What you should do: Write the records out exactly as shown. No pictures.

Information supplied:
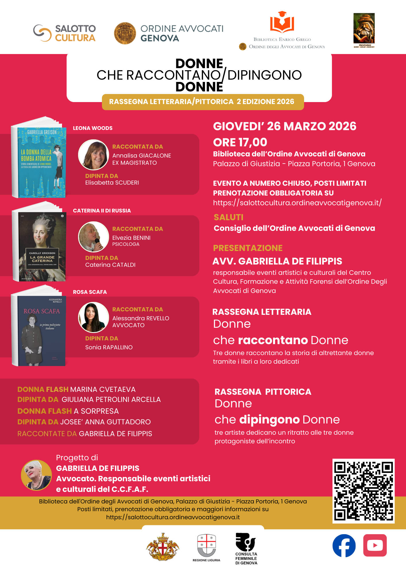 “Donne che raccontano / dipingono donne” con un nuovo appuntamento in programma giovedì 26 marzo 2026 alle ore 17.00 nei locali della Biblioteca E. Grego dell’Ordine degli Avvocati di Genova, presso Palazzo di Giustizia, Piazza Portoria 1, Genova.
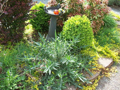 Anyway, I was out surveying the garden, deciding what needed to be done, when I came accross a huge weed. I am pretty sure it is in the thistle family. Such a huge weed for a tiny garden. I used to get these out in my large pasture, and every year I used to let one grow. I decided that I would leave this giant and watch it grow as well- I am hoping it is a pretty pink thistle- I will post it's progress in my garden updates.
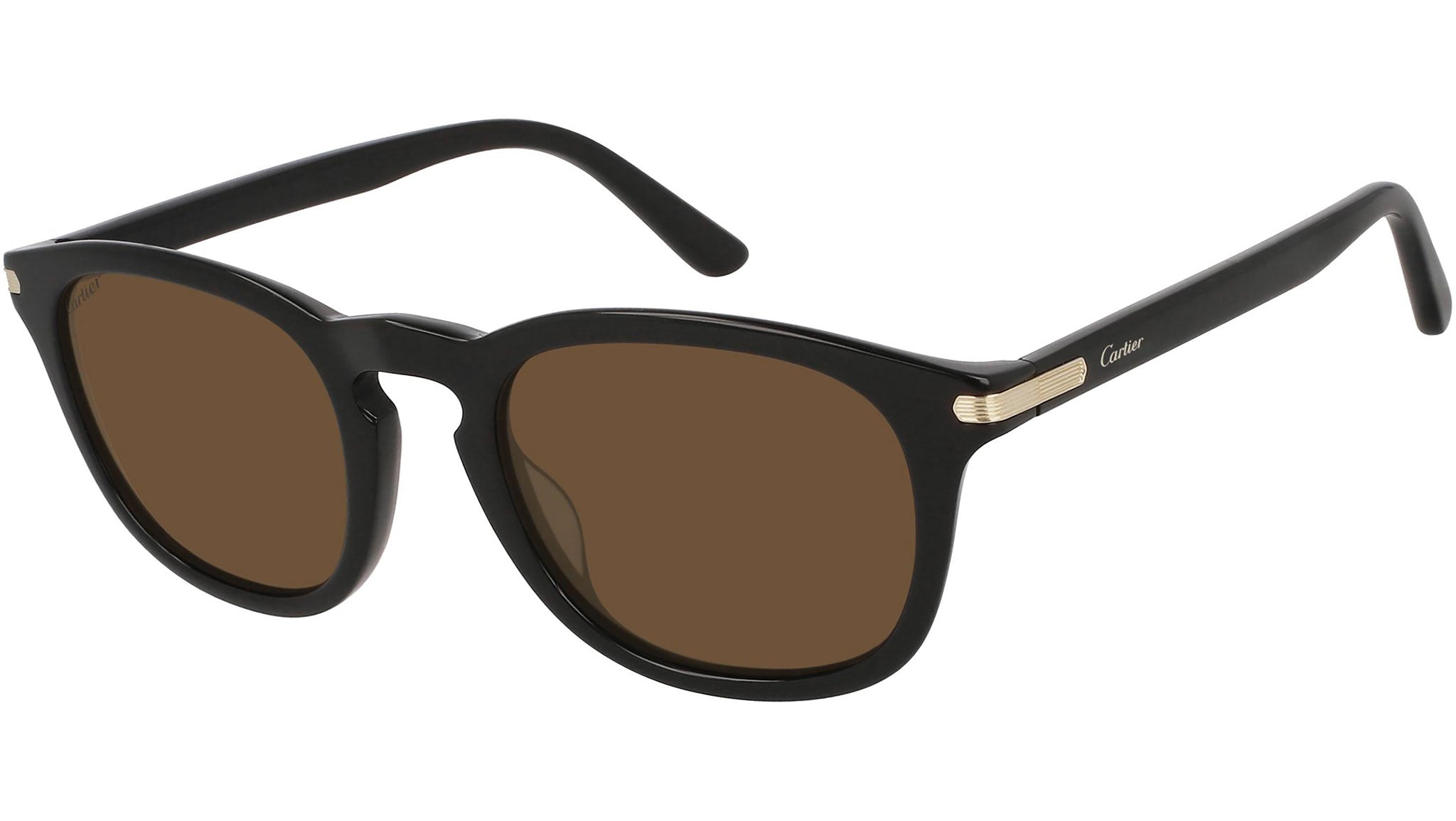 Cartier CT0011S 001 sunglasses with shiny black frame and solid brown + inner AR lens.
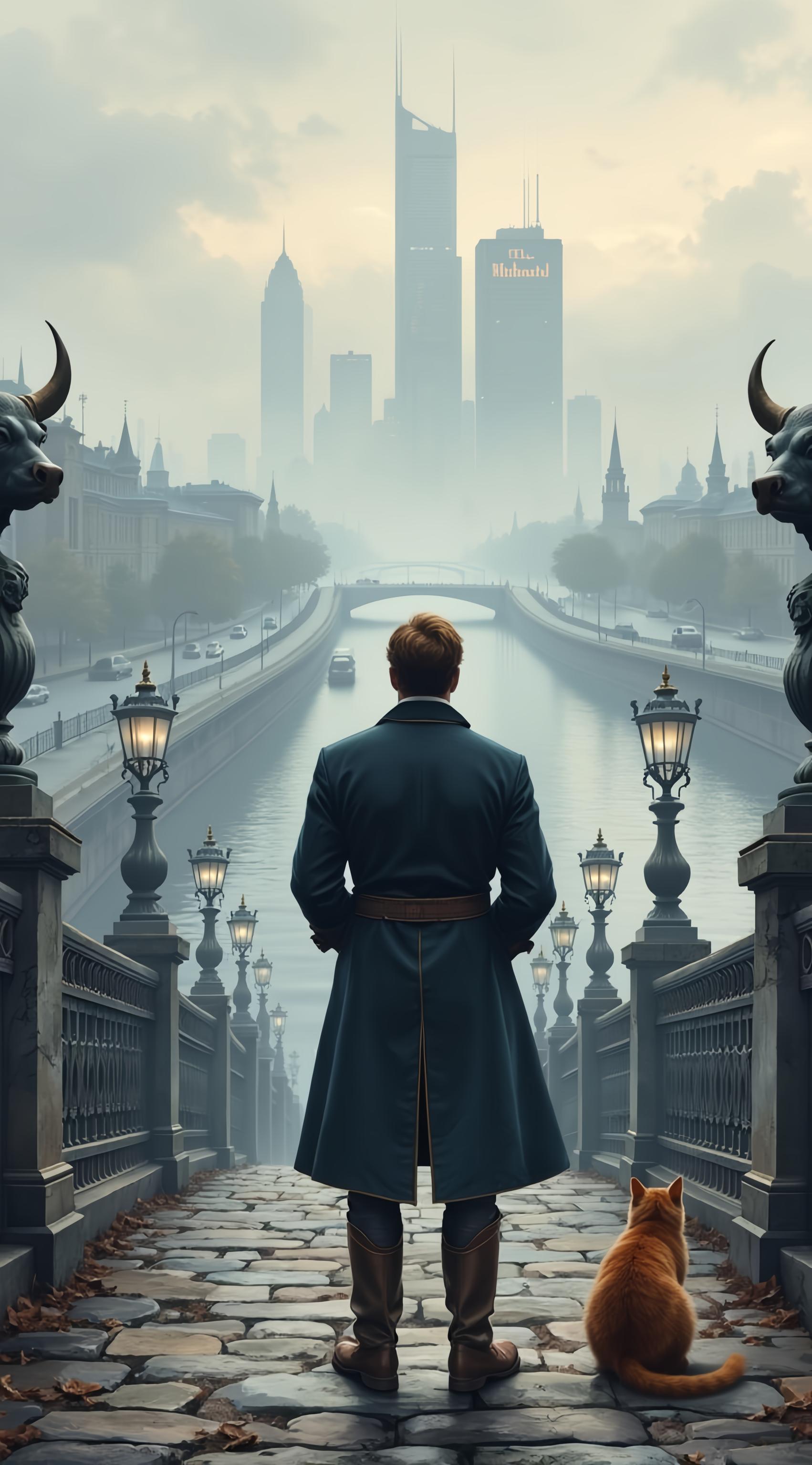 Старинный мост через Неву в утреннем тумане, чугунные перила, гранитные быки. На мосту стоит мужчина в старомодном сюртуке (1860-е), со спины, смотрит вдаль. Рядом сидит рыжая кошка, смотрит на зрителя. С другой стороны моста — едва различимые силуэты современного города (высотки, неон) сквозь дымку. На переднем плане — старинная медная монета (рубль 1869), лежит на чугунных перилах, на ней акцент света. Небо на рассвете: розово-золотое, переходящее в серое. Стиль: фотореализм, масляная живопись, мягкий свет, лёгкая дымка, кинематографичная глубина, символическая атмосфера соединения двух времен.
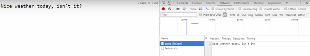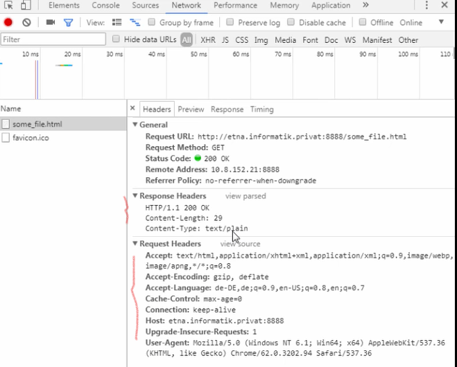 So if enter somefile on the url, same as telnet communication to ask the server, we can see from the developer console window, network tab as
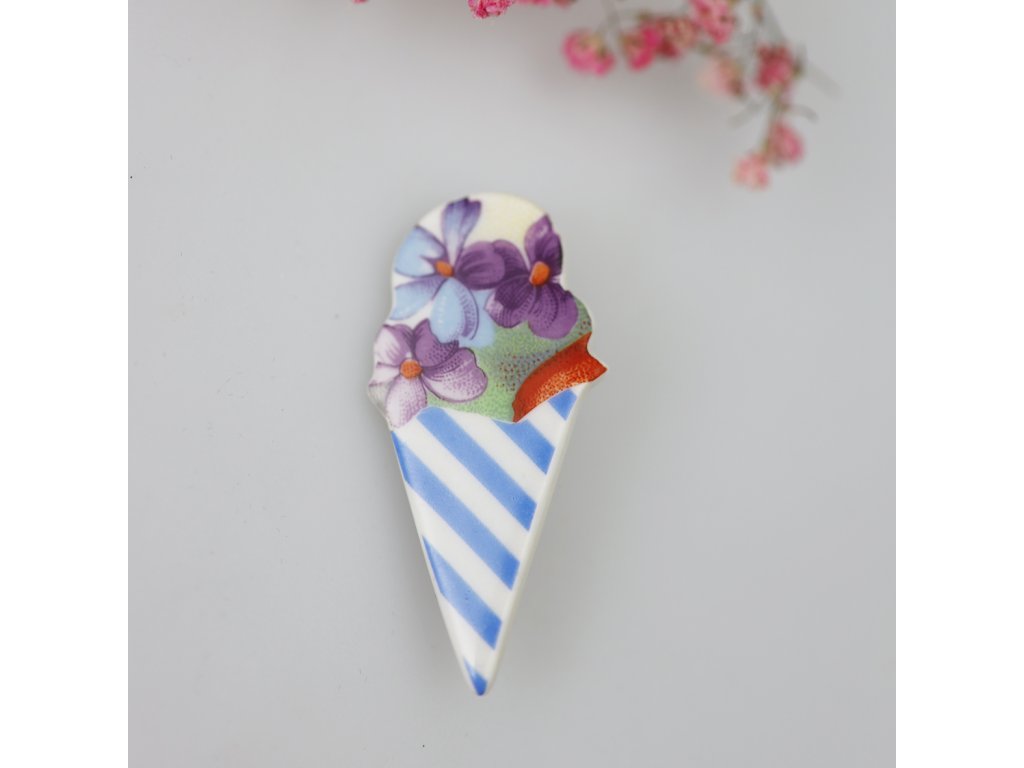 Jemná kolekce porcelánových broží, která spojuje hravé modrobílé proužky s romantickými květinovými motivy. Každý kousek je originál, který oživí váš outfit a dodá mu něžný, svěží nádech. Kornout plný výtečné zmrzliny namíchané z pořádné dávky fantazie! Tato porcelánová brož čeká, aby ozvláštnila právě Vaši halenku!

Answer below:
 “Donne che raccontano / dipingono donne” con un nuovo appuntamento in programma giovedì 26 marzo 2026 alle ore 17.00 nei locali della Biblioteca E. Grego dell’Ordine degli Avvocati di Genova, presso Palazzo di Giustizia, Piazza Portoria 1, Genova.
 Anyway, I was out surveying the garden, deciding what needed to be done, when I came accross a huge weed. I am pretty sure it is in the thistle family. Such a huge weed for a tiny garden. I used to get these out in my large pasture, and every year I used to let one grow. I decided that I would leave this giant and watch it grow as well- I am hoping it is a pretty pink thistle- I will post it's progress in my garden updates.
 Cartier CT0011S 001 sunglasses with shiny black frame and solid brown + inner AR lens.
 Старинный мост через Неву в утреннем тумане, чугунные перила, гранитные быки. На мосту стоит мужчина в старомодном сюртуке (1860-е), со спины, смотрит вдаль. Рядом сидит рыжая кошка, смотрит на зрителя. С другой стороны моста — едва различимые силуэты современного города (высотки, неон) сквозь дымку. На переднем плане — старинная медная монета (рубль 1869), лежит на чугунных перилах, на ней акцент света. Небо на рассвете: розово-золотое, переходящее в серое. Стиль: фотореализм, масляная живопись, мягкий свет, лёгкая дымка, кинематографичная глубина, символическая атмосфера соединения двух времен.
 So if enter somefile on the url, same as telnet communication to ask the server, we can see from the developer console window, network tab as
 Jemná kolekce porcelánových broží, která spojuje hravé modrobílé proužky s romantickými květinovými motivy. Každý kousek je originál, který oživí váš outfit a dodá mu něžný, svěží nádech. Kornout plný výtečné zmrzliny namíchané z pořádné dávky fantazie! Tato porcelánová brož čeká, aby ozvláštnila právě Vaši halenku!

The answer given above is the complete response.